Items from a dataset
════════

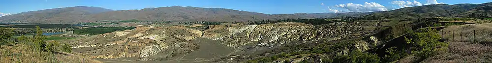 The plans for the settlement began in 1862, as a result of miners being forced upstream from rising water levels in the Clutha and Kawarau Rivers. Though the area was settled around this period, the population was not stationary. As miners followed gold up the creeks, the settlements tended to follow, and by 1868 the original settlement had been strung out along what is now the Bannockburn-Nevis road.[3] As miners swept over the area, from 1862 to 1871 the face of the landscape underwent drastic changes as the alluvial flat was washed away by sluicing operations to the foreboding landscape that exists today. Water during this period was a pivotal resource, not just for mining but to supply the town as well. Evidence of the complex water system that once existed is spread throughout the landscape. Multiple dams, (technically reservoirs) feed a water system that extends from high on the nearby Carrick range down to the abandoned sluicing sites.[4] Tippet's Dam was one of, if not the largest of these reservoirs. The water has since been redirected for horticultural and viticultural use and the sluicings rest dormant on land belonging to the Department of Conservation.
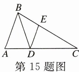 15.(宿迁)如图,在$\triangle ABC$中,$∠A= 70^{\circ },∠C= 30^{\circ }$,BD平分$∠ABC$交AC于点D,$DE// AB$,交BC于点E,则$∠BDE$的度数是 (
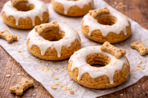 Med pustom lahko tudi pse vključimo v praznično dogajanje, vendar na varen način. Ti pasji pustni krofi so pečeni v pečici, brez sladkorja in brez škodljivih sestavin, hkrati pa po videzu spominjajo na prave krofe, ki jih jemo ljudje.
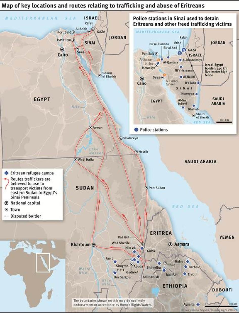 منذ عام 2006 فرّ عشرات الآلاف من الإريتريين من انتهاكات حقوق الإنسان الكثيرة وحالة الفقر المدقع في بلدهم، لينتهي بهم المطاف في شبه جزيرة سيناء بمصر. حتى عام 2010 كانوا يمرون عبر سيناء في العادة طوعاً ودون مشاكل، ثم يعبرون إلى إسرائيل. لكن على مدار السنوات الثلاث الأخيرة، تزايد تحوّل سيناء إلى طريق غير نافذ، يتعرضون فيها للأسر والقسوة والتعذيب والموت.
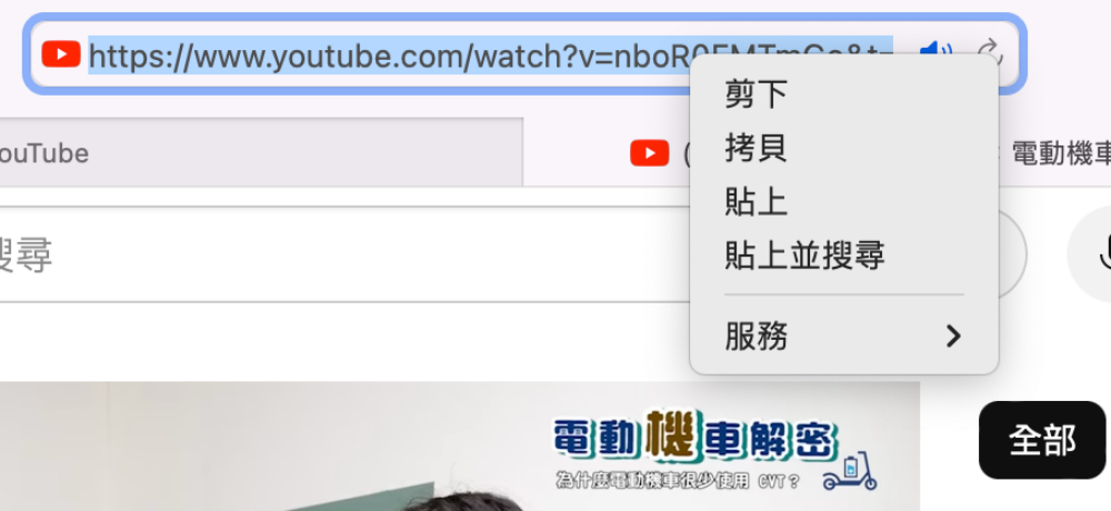第一步驟:複製想要下載的 YouTube 影片網址。
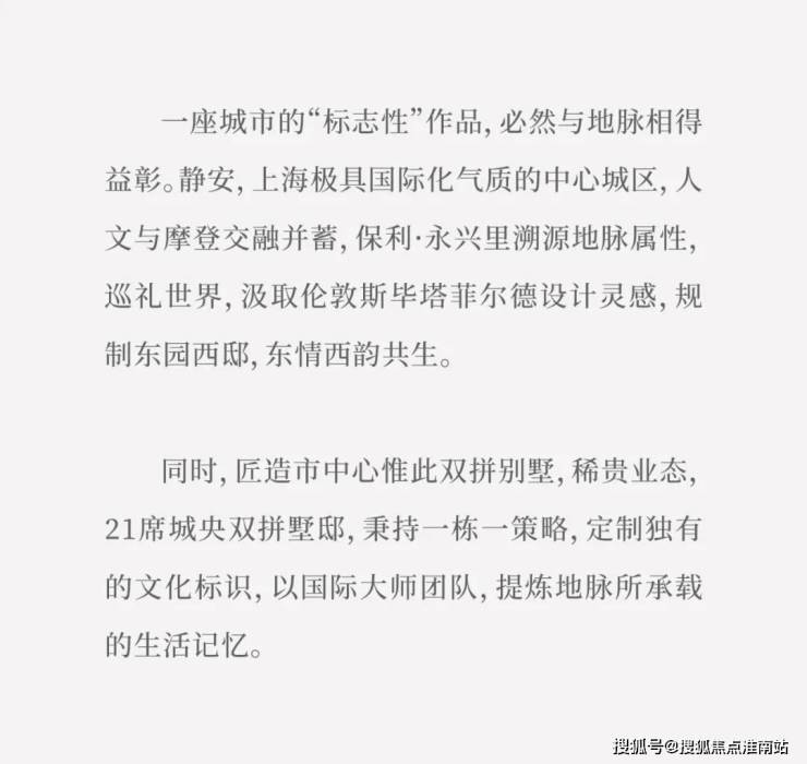 城央风貌别墅,上海中心之上,拥揽城市奢配资源,具有稀缺的资产属性,天生自带定价权,成就穿越市场周期的资产优选配置。保利永兴里售楼处电话:400-891-9910✔✔✔

════════

- _TO DO_
Although the records contain pictures, transcribe only their text, exactly as written.

- _ANSWER BELOW_
 The plans for the settlement began in 1862, as a result of miners being forced upstream from rising water levels in the Clutha and Kawarau Rivers. Though the area was settled around this period, the population was not stationary. As miners followed gold up the creeks, the settlements tended to follow, and by 1868 the original settlement had been strung out along what is now the Bannockburn-Nevis road.[3] As miners swept over the area, from 1862 to 1871 the face of the landscape underwent drastic changes as the alluvial flat was washed away by sluicing operations to the foreboding landscape that exists today. Water during this period was a pivotal resource, not just for mining but to supply the town as well. Evidence of the complex water system that once existed is spread throughout the landscape. Multiple dams, (technically reservoirs) feed a water system that extends from high on the nearby Carrick range down to the abandoned sluicing sites.[4] Tippet's Dam was one of, if not the largest of these reservoirs. The water has since been redirected for horticultural and viticultural use and the sluicings rest dormant on land belonging to the Department of Conservation.
 15.(宿迁)如图,在$\triangle ABC$中,$∠A= 70^{\circ },∠C= 30^{\circ }$,BD平分$∠ABC$交AC于点D,$DE// AB$,交BC于点E,则$∠BDE$的度数是 (
 Med pustom lahko tudi pse vključimo v praznično dogajanje, vendar na varen način. Ti pasji pustni krofi so pečeni v pečici, brez sladkorja in brez škodljivih sestavin, hkrati pa po videzu spominjajo na prave krofe, ki jih jemo ljudje.
 منذ عام 2006 فرّ عشرات الآلاف من الإريتريين من انتهاكات حقوق الإنسان الكثيرة وحالة الفقر المدقع في بلدهم، لينتهي بهم المطاف في شبه جزيرة سيناء بمصر. حتى عام 2010 كانوا يمرون عبر سيناء في العادة طوعاً ودون مشاكل، ثم يعبرون إلى إسرائيل. لكن على مدار السنوات الثلاث الأخيرة، تزايد تحوّل سيناء إلى طريق غير نافذ، يتعرضون فيها للأسر والقسوة والتعذيب والموت.
第一步驟:複製想要下載的 YouTube 影片網址。
 城央风貌别墅,上海中心之上,拥揽城市奢配资源,具有稀缺的资产属性,天生自带定价权,成就穿越市场周期的资产优选配置。保利永兴里售楼处电话:400-891-9910✔✔✔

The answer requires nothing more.